With all this talk about MOOCs, we wanted to hear from someone who had deep experience with open courses long before the idea was discovered by the elite universities.  Guest blogger Alan Levine most recently was instructional technology specialist at the University of Mary Washington, following leadership positions at the New Media Consortium and the Maricopa Community Colleges.  Currently he is exploring new options under the banner of his own creation CogDog.it.  Through his Open Digital Storytelling class, you find concepts that can be used by an educator to reach a “massive” (or as large as you wish) audience.  We appreciate Alan’s humor and the titular reference to the closing line of the film “The Maltese Falcon.”  In response to the question “What is it?”, Humphrey Bogart answers “The stuff dreams are made of“.

Many people do not quite know what to make of the Open Digital Storytelling course ds106 (http://ds106.us/),  an open online course since January 2011:

[youtube=http://www.youtube.com/watch?v=eayDFs98ToY]

Started  in 2010 by University of Mary Washington (UMW) instructional technologist Jim Groom, this course broke away from the typical digital storytelling approach of video personal narrative, to framing storytelling as something that is based on and part of the culture that is the world wide web. Students at UMW are tasked with setting up their own domain and managing a WordPress blog, part of the personal cyberinfrastructure idea envisioned by Gardner Campbell.

The course explores not only the methods of creating visual, audio, and video media forms, but explores issues of digital identity, copyright, remix, and internet culture.

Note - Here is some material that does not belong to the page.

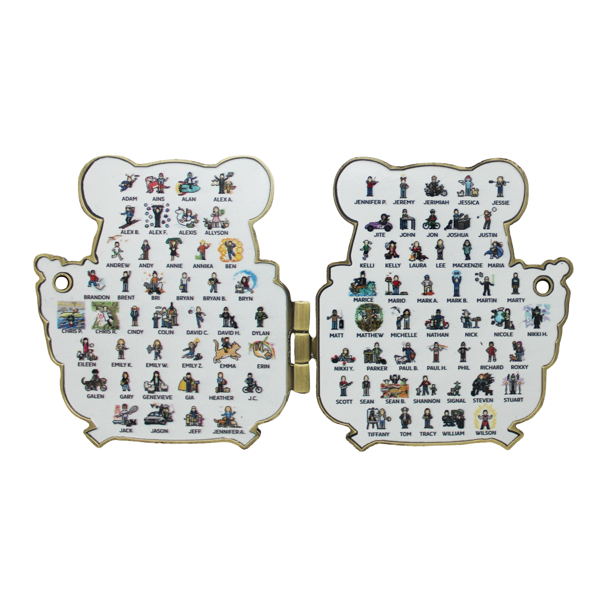 This is the 19th design of the Lackey coin. This is a large two paneled geocoin with a hinge to open like a book.

It is less a statement of what digital storytelling is then an exploration of what it is as an ongoing query.

After presenting at the 2010 Instructional Technology Council’s eLearning conference, Jim was asked “why don’t you open up this course for others to participate?” Influenced by the open network structure of the 2008 Connectivism and Connective Knowledge course (which gave birth to the MOOC acronym) thus was born ds106, the open course. Built on a platform of open source technologies WordPress and the free FeedWordpress plugin, ds106 operates in the very distributed manner of the internet itself. Our primary channel of communication is a #ds106 hash tag in twitter plus our own internet radio station, built by participants,.

All participants in the experience, registered students at UMW and several other institutions plus open participants, submit a URL for their blog that is syndicated into ds106.  Currently, courses at the University of Michigan, Kansas State University, and York College/CUNY run parallel courses that tie into ds106. This means whenever someone publishes new content on their own site, ds106 gets a copy and all links on the ds106 site point back to the source. Our site currently subscribes to over 600 external blogs, and unlike your garden variety LMS, we never throw away previous work. We have aggregated over 23,000 blog posts.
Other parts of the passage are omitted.